EXERCISE PROMPT: Copy exactly. Include the line containing "AK La Côte-Saint-André, Rue", every line after it, and the last line below, but no pictures.

DATA BELOW:
******************************

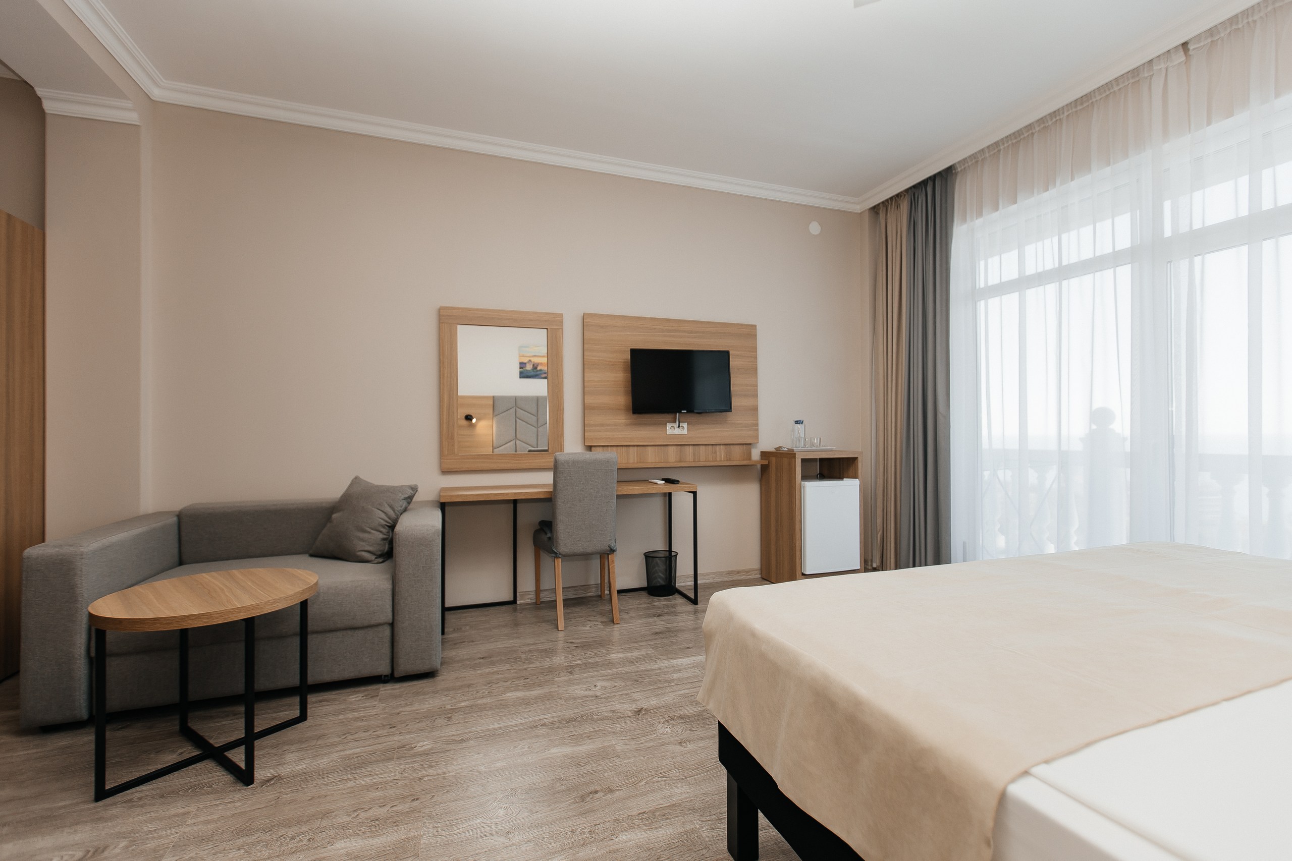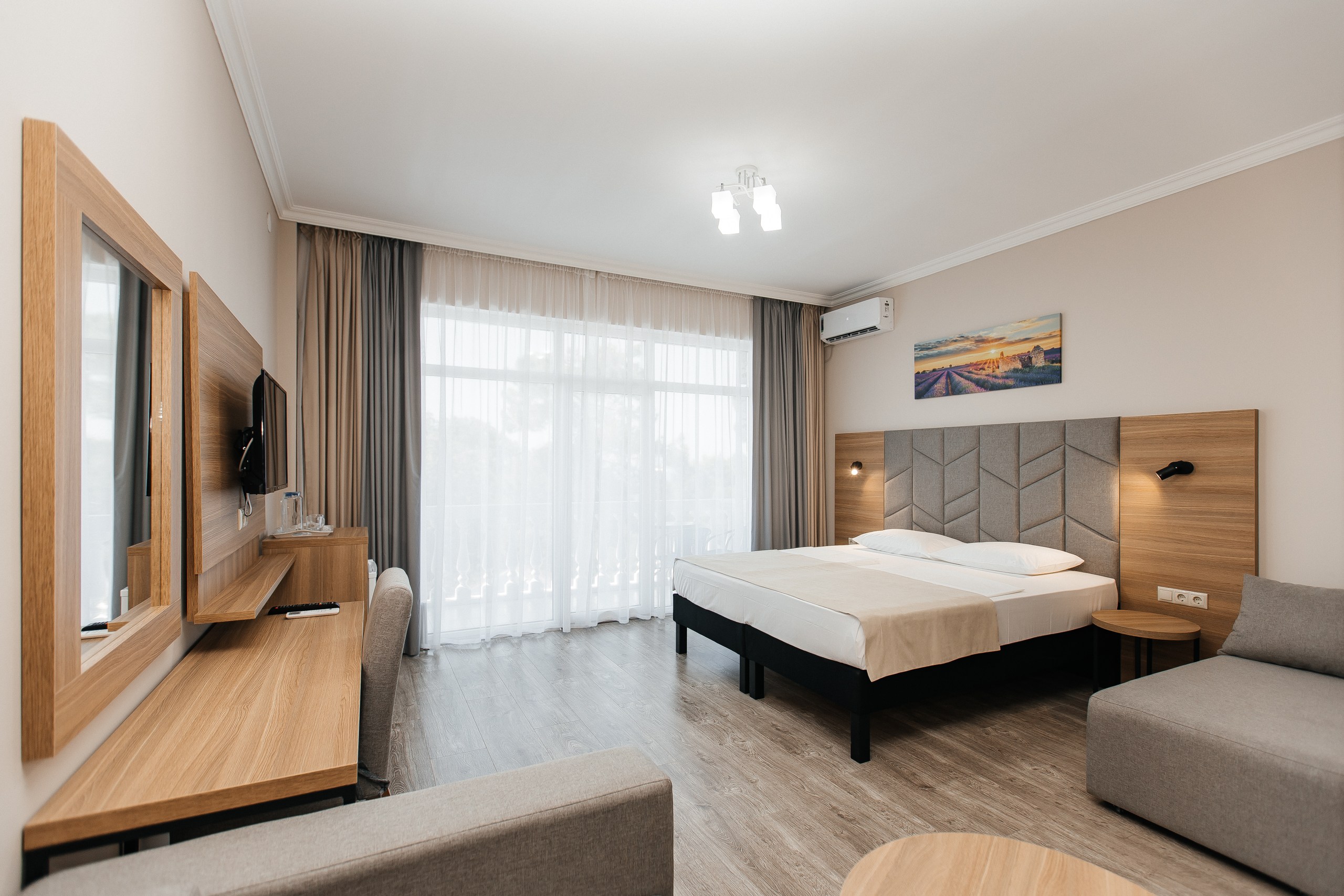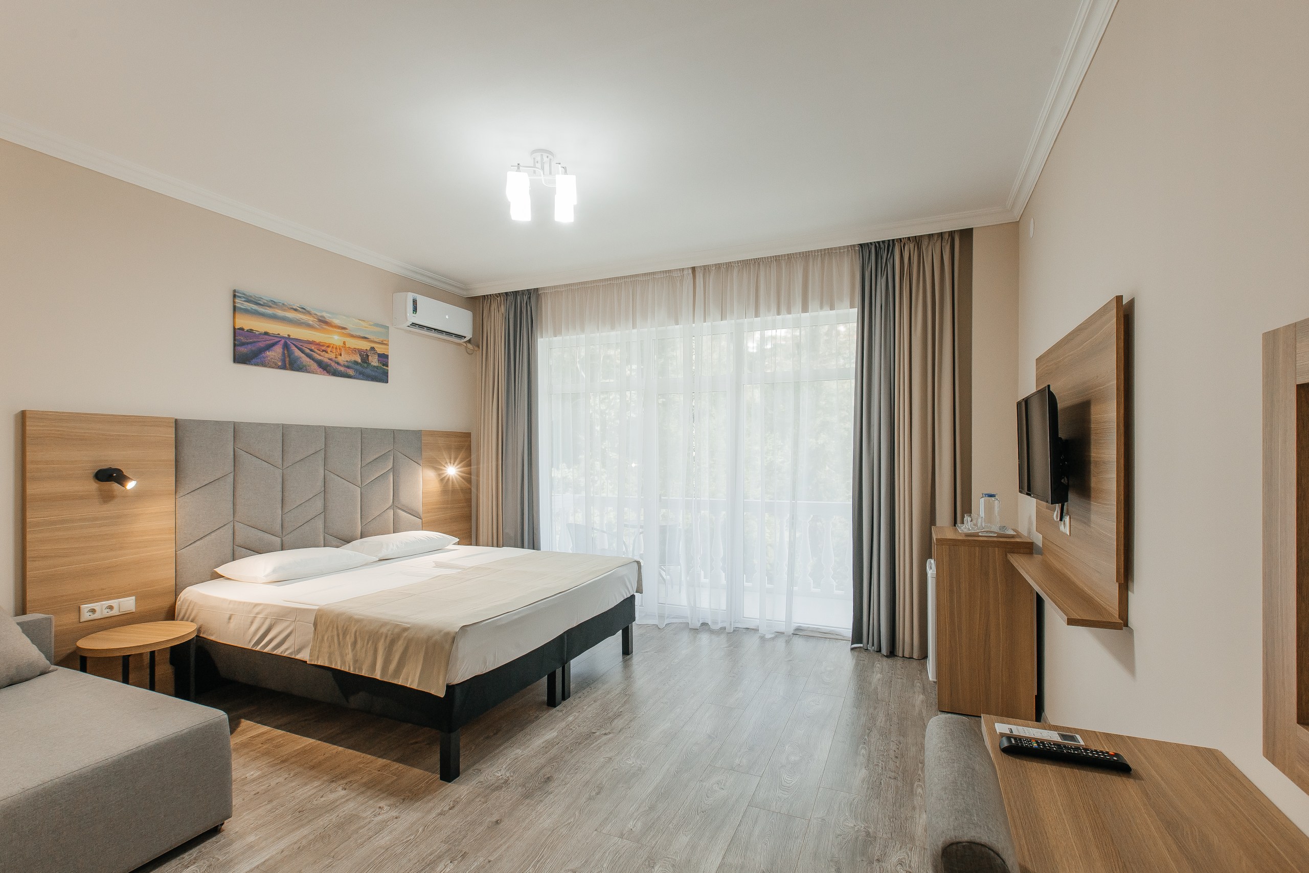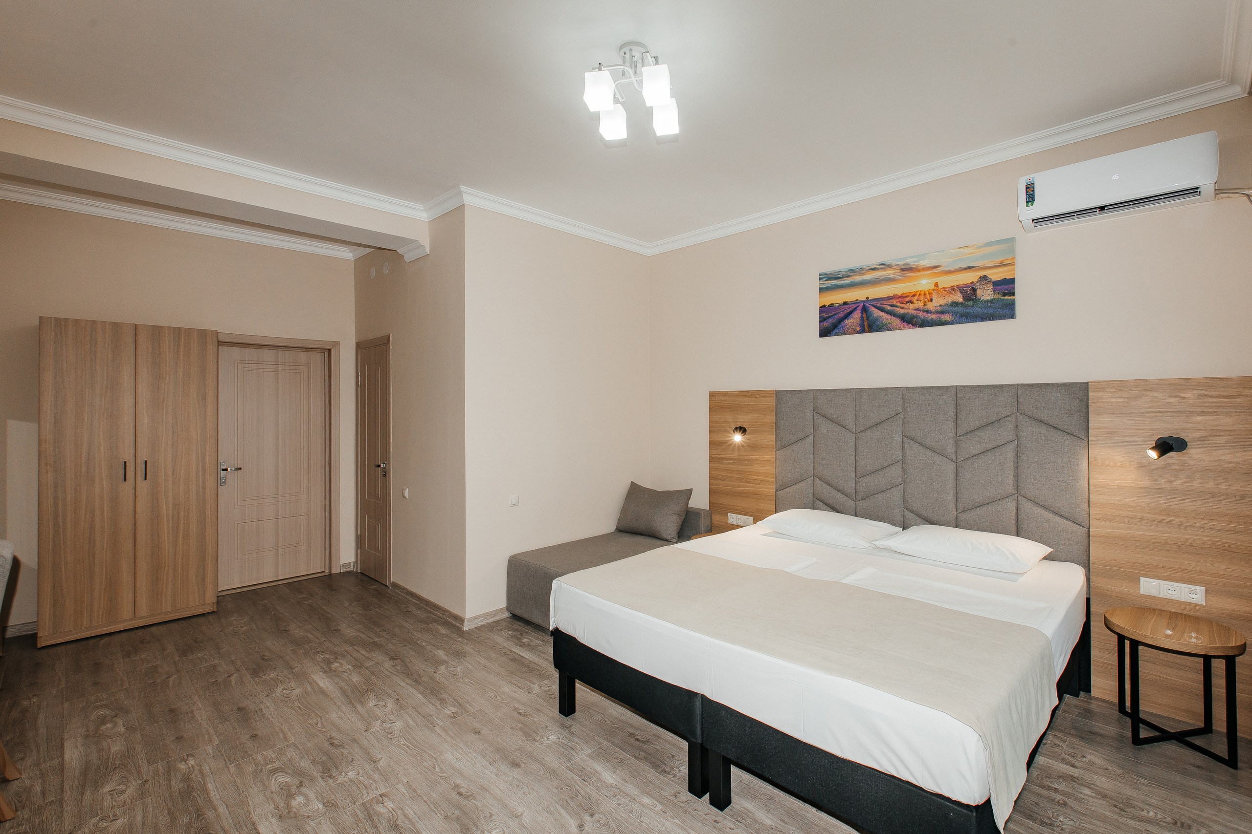 В номере: вешалка, диван раскладной, зеркало, кресло-кровать, кровать двуспальная, прикроватные тумбочки, шкаф, кондиционер, телевизор, холодильник, чайный набор посуды
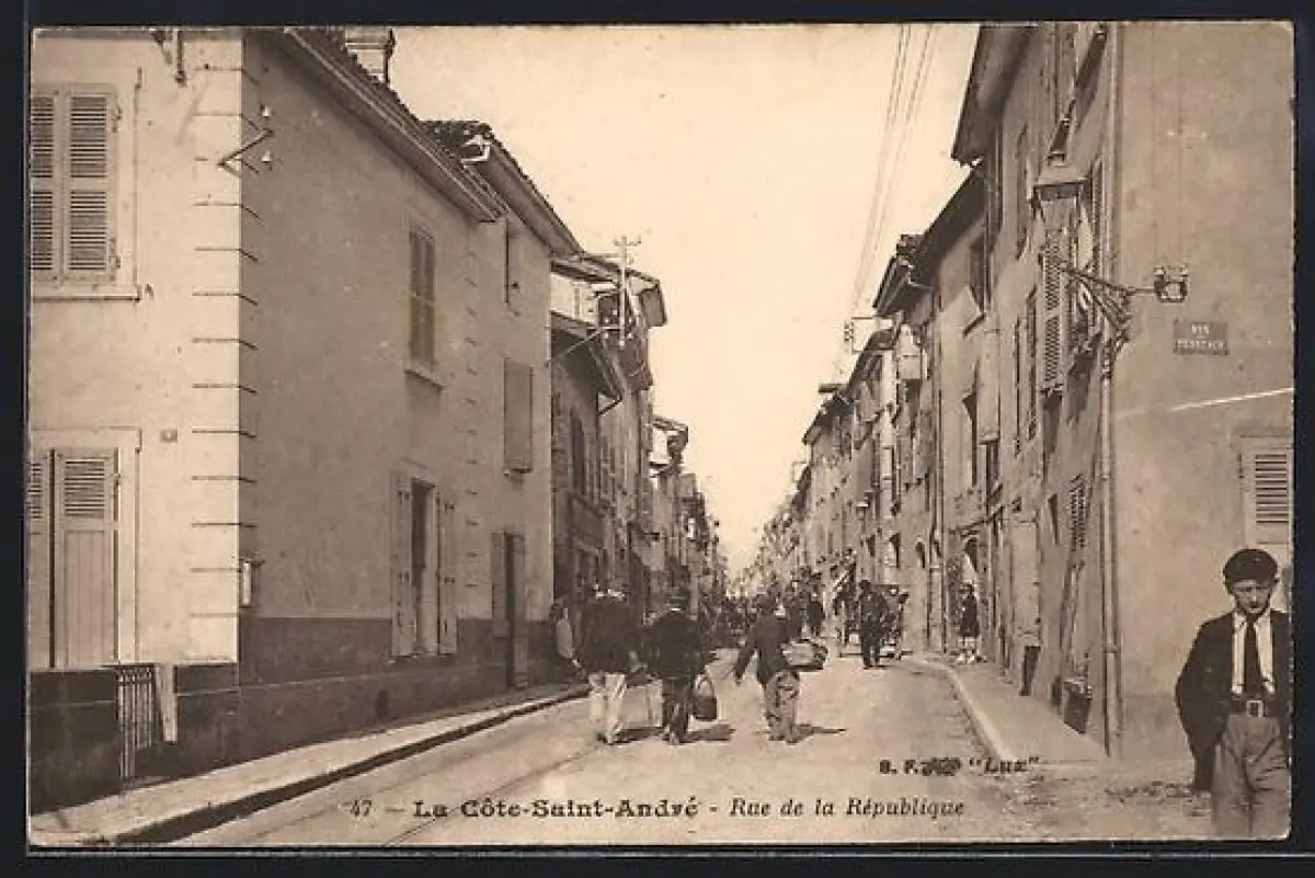 AK La Côte-Saint-André, Rue de la République animée avec passants et bâtiments d`époque
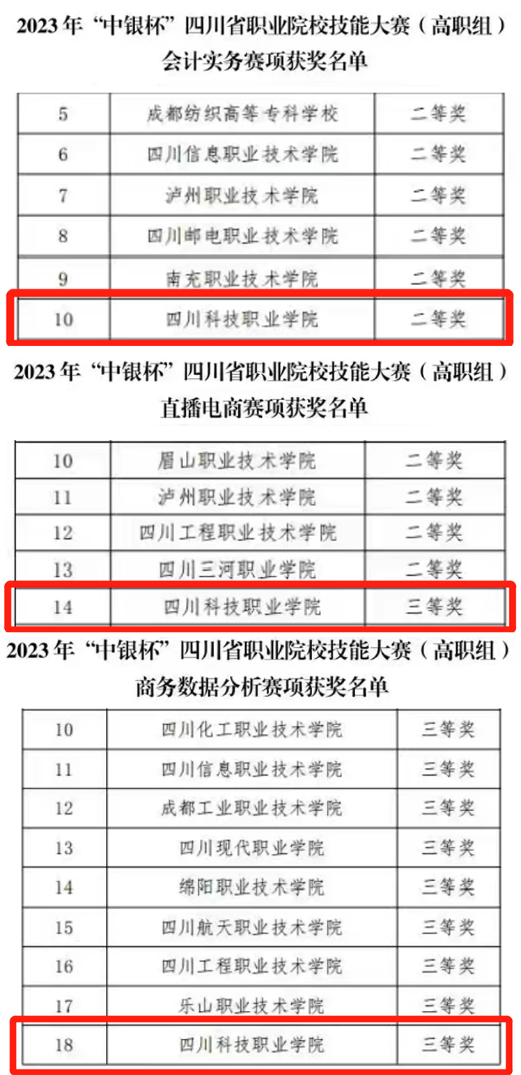 11月25日至26日,在四川省教育厅主办的2023 年“中银杯四川省职业院校技能大赛”中,我校新道云财经学院赖邹娅,陈柯霖,宋炜婷,贾颖老师组织的3支参赛团队分别在2023年“中银杯·四川省职业院校技能大赛”会计实务赛项获得省级二等奖;直播电商赛项,商务数据分析赛项获得省级三等奖!
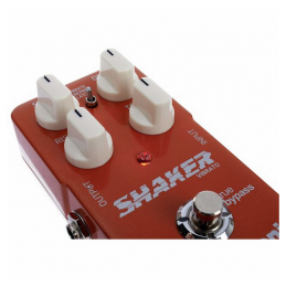 Lo Shaker Vibrato dispone di due tipi di vibrato: un vibrato classico "true pitch" e un "latch mode" in cui l'effetto è attivo solo quando si tiene premuto l'interruttore. Ciò consente di ottenere un vibrato sottile e finti effetti whammy-bar senza dover saltellare tutta la notte. Naturalmente Shaker Vibrato ha un vero sistema di bypass ed i controlli Speed, Depth, Tone and Rise Time.

******************************

ANSWER TO THE EXERCISE:
 AK La Côte-Saint-André, Rue de la République animée avec passants et bâtiments d`époque
 11月25日至26日,在四川省教育厅主办的2023 年“中银杯四川省职业院校技能大赛”中,我校新道云财经学院赖邹娅,陈柯霖,宋炜婷,贾颖老师组织的3支参赛团队分别在2023年“中银杯·四川省职业院校技能大赛”会计实务赛项获得省级二等奖;直播电商赛项,商务数据分析赛项获得省级三等奖!
 Lo Shaker Vibrato dispone di due tipi di vibrato: un vibrato classico "true pitch" e un "latch mode" in cui l'effetto è attivo solo quando si tiene premuto l'interruttore. Ciò consente di ottenere un vibrato sottile e finti effetti whammy-bar senza dover saltellare tutta la notte. Naturalmente Shaker Vibrato ha un vero sistema di bypass ed i controlli Speed, Depth, Tone and Rise Time.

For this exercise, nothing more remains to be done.